Here's what actually works if you want this to stick.

Learn the subtractive form early. Don't wait. From day one, practice "six minus quarter" instead of "five forty-five." Your ears will adjust and your mouth will follow That's the part that actually makes a difference..

Drill the quarter and half points. Menos cuarto, y cuarto, y media. Those three cover a huge chunk of real conversations. Most meetups are on the :15, :30, or :45.

Say the time out loud when you check your phone. See 5:45? Whisper seis menos cuarto. Do it for a week and it becomes reflex Worth keeping that in mind..

Watch Spanish-language video schedules. Telematics, YouTube, whatever. Hear how hosts say times. You'll notice they rarely use y cuarenta y cinco style.

Don't overthink PM. Add de la tarde or de la noche only if unclear. Friends know 5:45 is evening. A doctor's appointment confirmation might need the tag.

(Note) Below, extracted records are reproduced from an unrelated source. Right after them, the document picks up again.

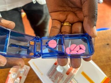 Ce sont des comprimés de sulfadoxine-pyriméthamine, ils s'écrasent en poudre et se mélangent avec de l'eau pour être donnés aux enfants.
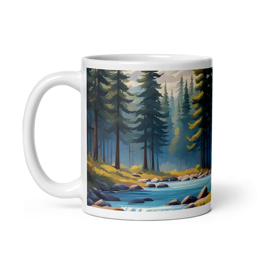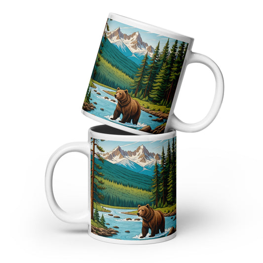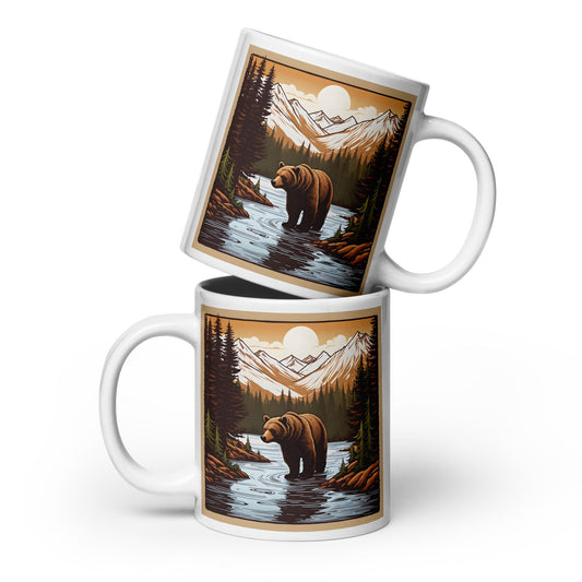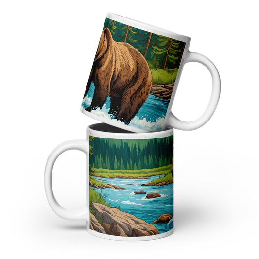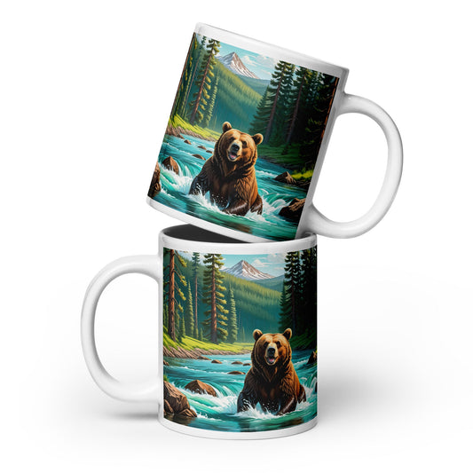 Brown Bear Near River White Glossy Mug (11 oz, 15 oz, 20 oz)
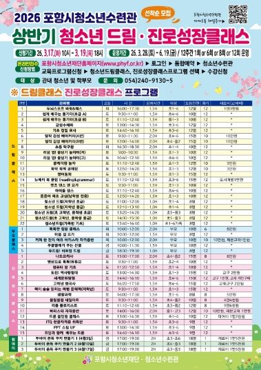 대경타임즈 이강옥 기자 | 포항시청소년재단 청소년수련관은 청소년들의 흥미와 적성을 발견하고 진로 역량을 강화하기 위한 ‘2026년 상반기 청소년 드림·진로성장 클래스’ 수강생을 모집한다.
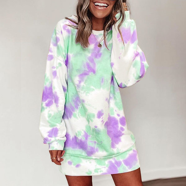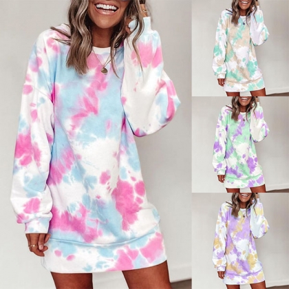 Fashion Long Sleeve Round Neck Tie-dye Printed Sweatshirt Dress
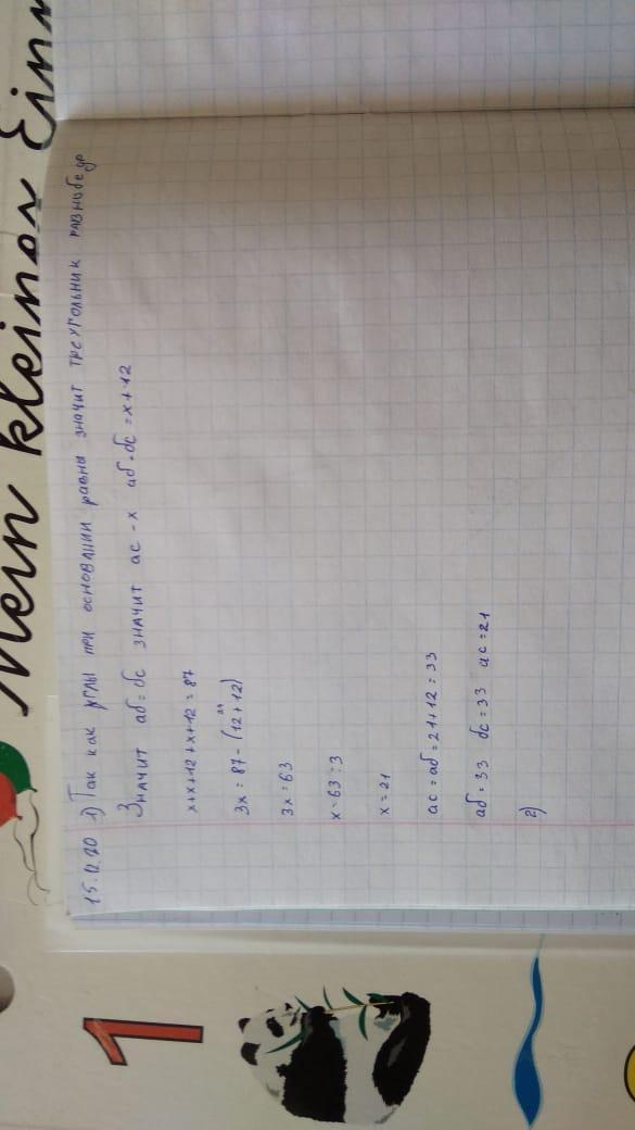 В треугольнике АВС периметр треугольника равен 87 см, угол А равен углу С, разность сторон АВ и АС равна 12 см. Найдите стороны треугольника.
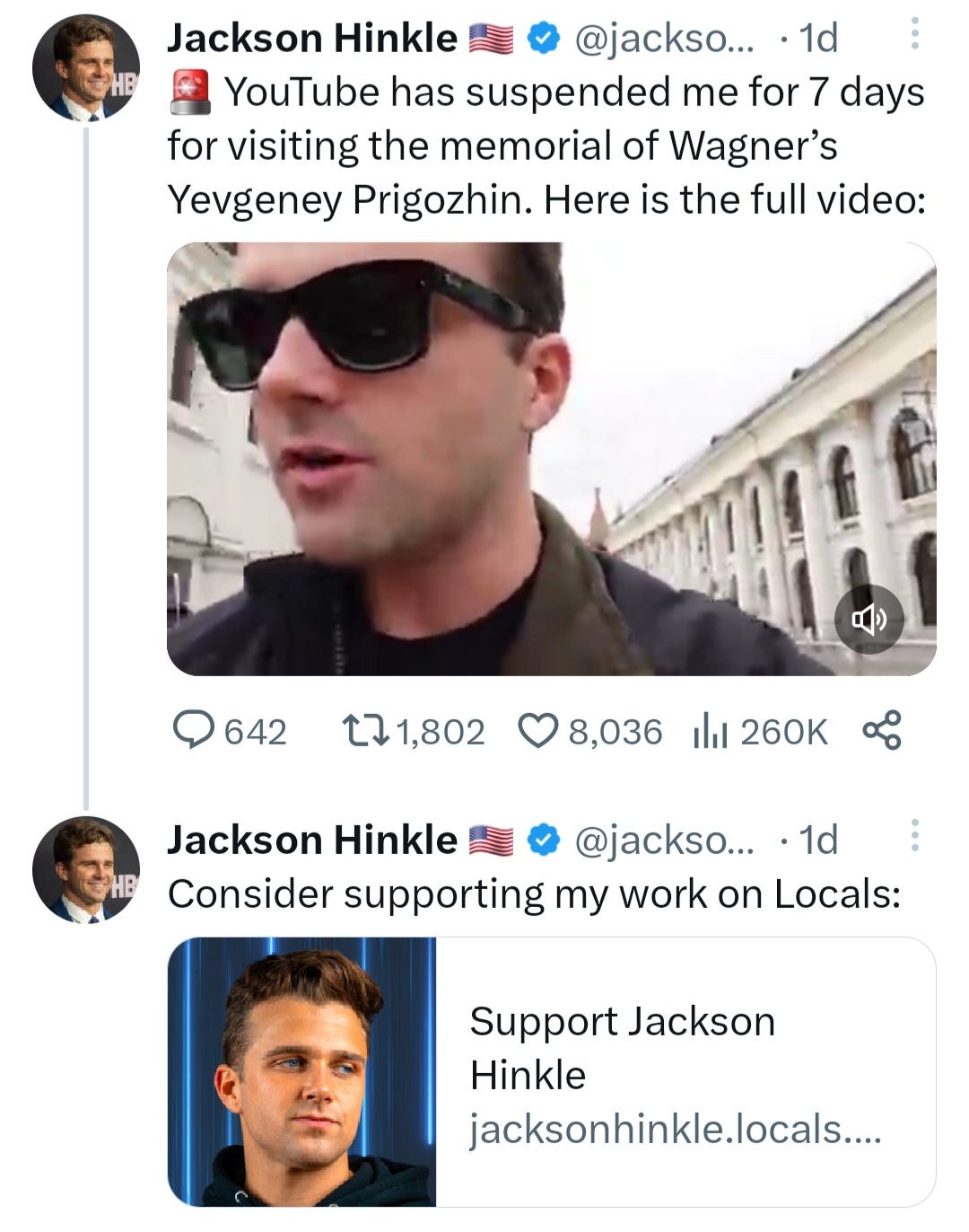 Despite his difficulties with being thrown off various online platforms and trying to make a living through promoting the Kremlin viewpoint in America, he is slowly being legitimized in the mainstream on a level that even Lord Haw-Haw never received. He was recently the subject of this inspirational LinkedIn post as someone to be admired in the business world for having the survival instinct to pivot from YouTube after being banned to Twitter/X. It's a “making lemons into lemonade” story that completely glosses over what could have led YouTube to ban him. To be blunt, Jackson Hinkle does not deserve any kind of mainstream legitimacy at all.
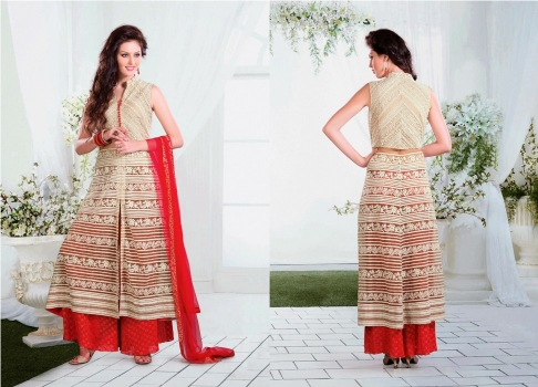 Dazzling Diva Cream Salwar Kameez Paired With A Contrast Red Viscose Georgette Salwar Comes With A Contrast Red Net Dupatta.
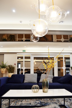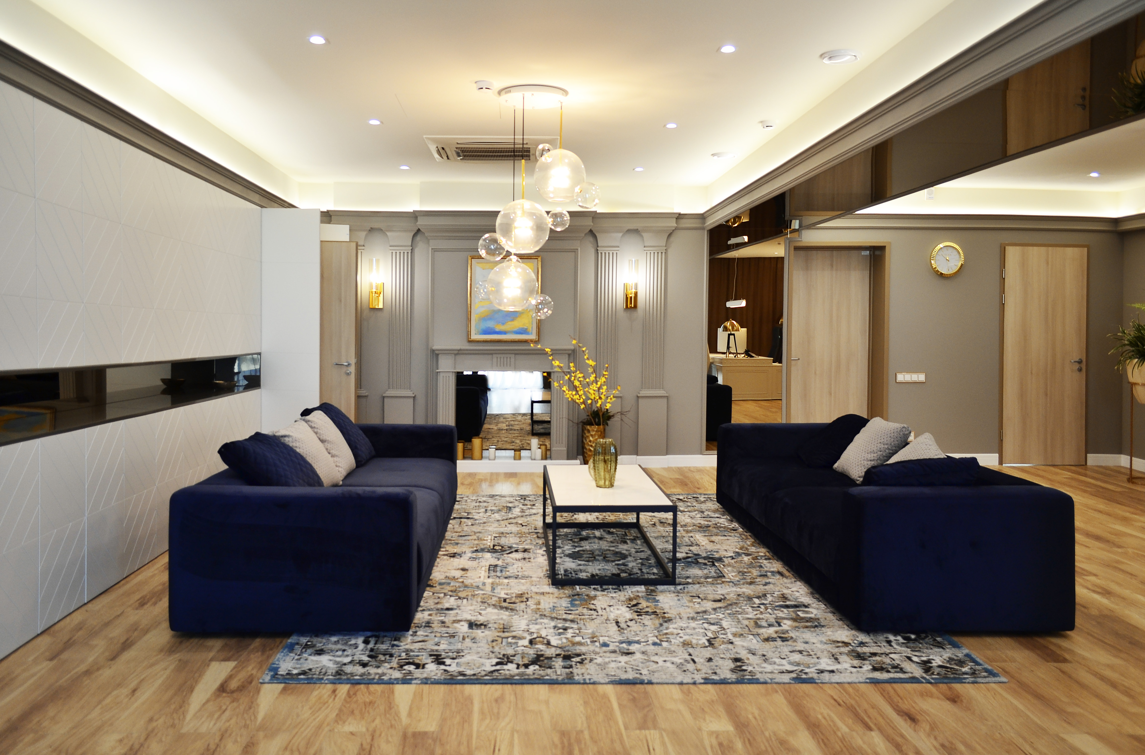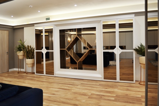 Патинированное стекло прекрасно обыгрывает конструктивную данность пространства, а гипсовые элементы гармонируют с орнаментальной мебелью.

Use "menos" like a math habit. When minute hand is past 6 on a

clock face, flip your thinking: subtract from the next hour instead of adding to the current one. This single mental switch cuts your hesitation in half during real-time conversation.

Record yourself. Ten seconds a day saying three random times. Play it back. You'll catch whether you're slipping es for son or dropping the y. No app feedback beats your own ears catching the error.

Accept that fluency is rhythmic, not perfect. Native speakers round times (las seis, las seis y pico) and you should too. Chasing exact minute precision in speech makes you sound stiff, not skilled.

Conclusion

Telling time in Spanish isn't a memorization chore — it's a small set of patterns with a few traps. Day to day, use son for everything except es la una, keep y and menos as your connectors, and default to the subtractive form past the half hour. Day to day, the rest is repetition: say it when you see it, hear it where it's spoken, and let context handle the AM/PM question. Get those pieces right and you'll state the hour like someone who actually uses the language, not someone reciting a rulebook.